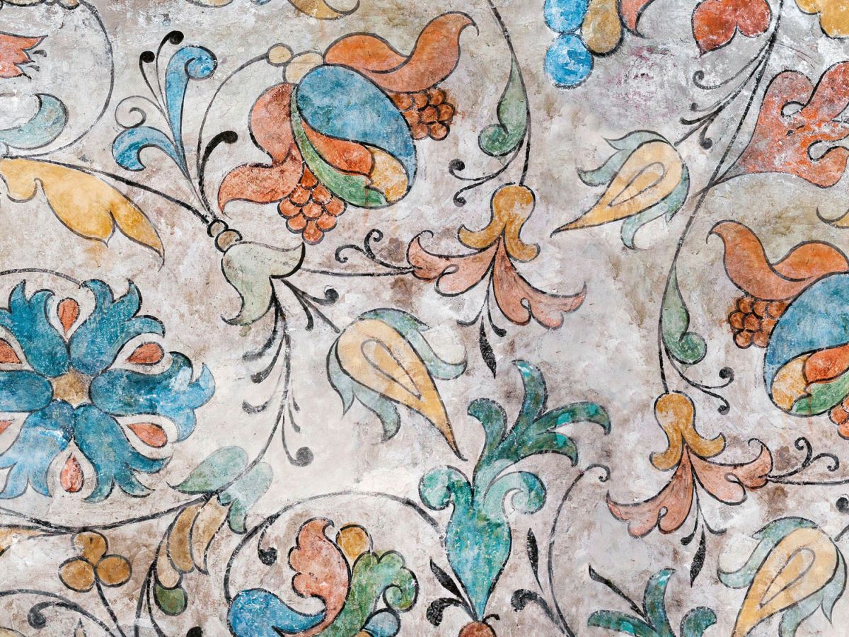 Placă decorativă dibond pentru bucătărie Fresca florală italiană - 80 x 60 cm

______________________________

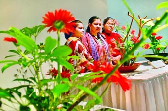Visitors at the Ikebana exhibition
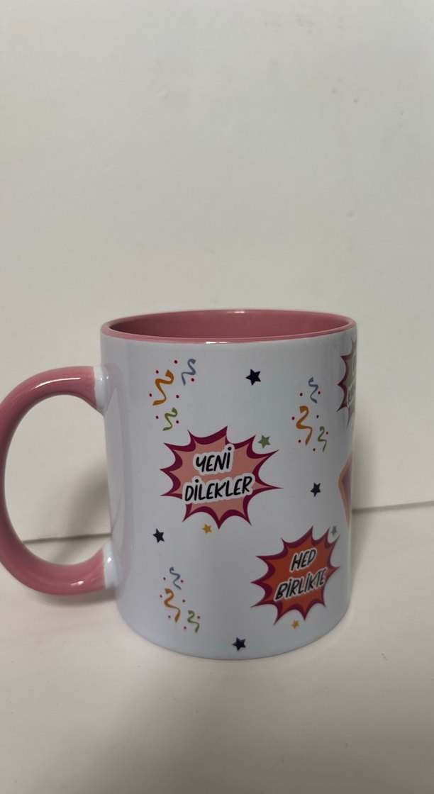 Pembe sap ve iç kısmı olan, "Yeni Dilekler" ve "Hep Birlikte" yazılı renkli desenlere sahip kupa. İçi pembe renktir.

______________________________

▶ EXERCISE GOAL: Having found the line with "Visitors at the Ikebana exhibition" and the line with "Pembe sap ve" in the material above, write out exactly those two and every line between, leaving the pictures out.

▶ TASK SOLUTION:
Visitors at the Ikebana exhibition
 Pembe sap ve iç kısmı olan, "Yeni Dilekler" ve "Hep Birlikte" yazılı renkli desenlere sahip kupa. İçi pembe renktir.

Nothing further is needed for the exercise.